We also detected ATP-ABP binding of a large group of DNA and RNA binding proteins. To further define the ATP-ABP binding activity within this group, we compared the number of DNA to RNA binding proteins. Only 9 of the 51 proteins in this group are annotated as DNA binding proteins. While some DNA and RNA binding proteins, such as topoisomerase, bind ATP as a cofactor, all proteins in this family recognize adenosine in the context of DNA or RNA. However, consistent with the lack of competition of dATP with ATP-ABP (Figure 1B), the bias towards RNA binding proteins suggests that ATP-ABP does not recognize DNA deoxynucleotide binding sites. Thus, while their general adenosine binding propensity likely explains the identification of RNA binding proteins, probe binding to DNA binding proteins is more likely due to binding of ATP as a cofactor independent of DNA binding.
Additionally, 25 proteins known to bind or react with acyl-CoA molecules were labeled. This reactivity is likely governed by both adenine recognition and acyl phosphate reactivity, as these proteins are often responsible for hydrolysis of acyl-CoA. The probe also labeled 19 proteins that recognize non-nucleotide phosphate, such as pyridoxal phosphate, and that hydrolyze phosphate bonds (Figure 2, “Acyl-Phosphate Reactive”).
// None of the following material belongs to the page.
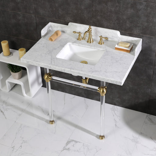 Original price $3,079.90Original price $3,079.90 - Original price $3,079.90Original price $3,079.90Current price $2,309.93$2,309.93 - $2,309.93Current price $2,309.93| /Kingston Tulare LMS3630MASQ7 - Pemberton 36-Inch Carrara Marble Console Sink with Acrylic Legs (8-Inch, 3-Hole), Carrara Marble White/Brushed Brass

These enzymes recognize and react with the probe directly through the phosphate and mixed anhydride moieties. Of the proteins for which annotation is available, the remaining nine labeled proteins have no known nucleotide binding capability or phosphohydrolase activity. Seventy-three proteins annotated as hypothetical were also labeled by ATP-ABP and are discussed in greater detail below. Assigning nine of 317 proteins as non-selective, we estimate a false labeling rate of ~3%, which is likely due to non-selective acylation of surface lysine residues by ATP-ABP (Patricelli, et al., 2007). However, we note the possibility that these proteins may have evolved allosteric interactions or are in complex with ATP-binding proteins. Together, our AMT-ABPP approach provides high-throughput experimental validation of functional annotation for ~250 in silico annotated members of the ATP-binding protein family, and provides experimental evidence to functionally annotate ~70 hypothetical proteins.
To test which pathways are particularly tractable for study by our ATP-ABP in terms of pathway coverage or representation of key components, the gene locus tags for ATP-ABP labeled proteins were uploaded into the gene cluster algorithm within the TB Database integrated platform (www.TBDB.org). This software clusters genes into broad functional (pathway) categories. Not surprisingly, proteins classified as conserved hypothetical or unknown represented one of the largest functional classes observed, ranking second in number (Figure 3). Proteins involved in lipid metabolism, intermediary metabolism, and respiration represented the largest functional cluster. Additionally, a significant number of ATP-ABP labeled proteins were assigned to the functional category, “Virulence, Detoxification, Adaptation,” in line with ATP-dependent enzymes playing essential roles in Mtb viability, infection, pathogenesis, and drug resistance (Magnet, et al., 2010; Schreiber, et al., 2009). To assess any biases towards a particular functional category (i.e., over-representation of a particular functional category), we compared our experimentally observed classification to that from genome annotation (Table 1). We define over-representation as a ~2-fold greater representation of a functional category by probe-labeled compared to annotated proteins.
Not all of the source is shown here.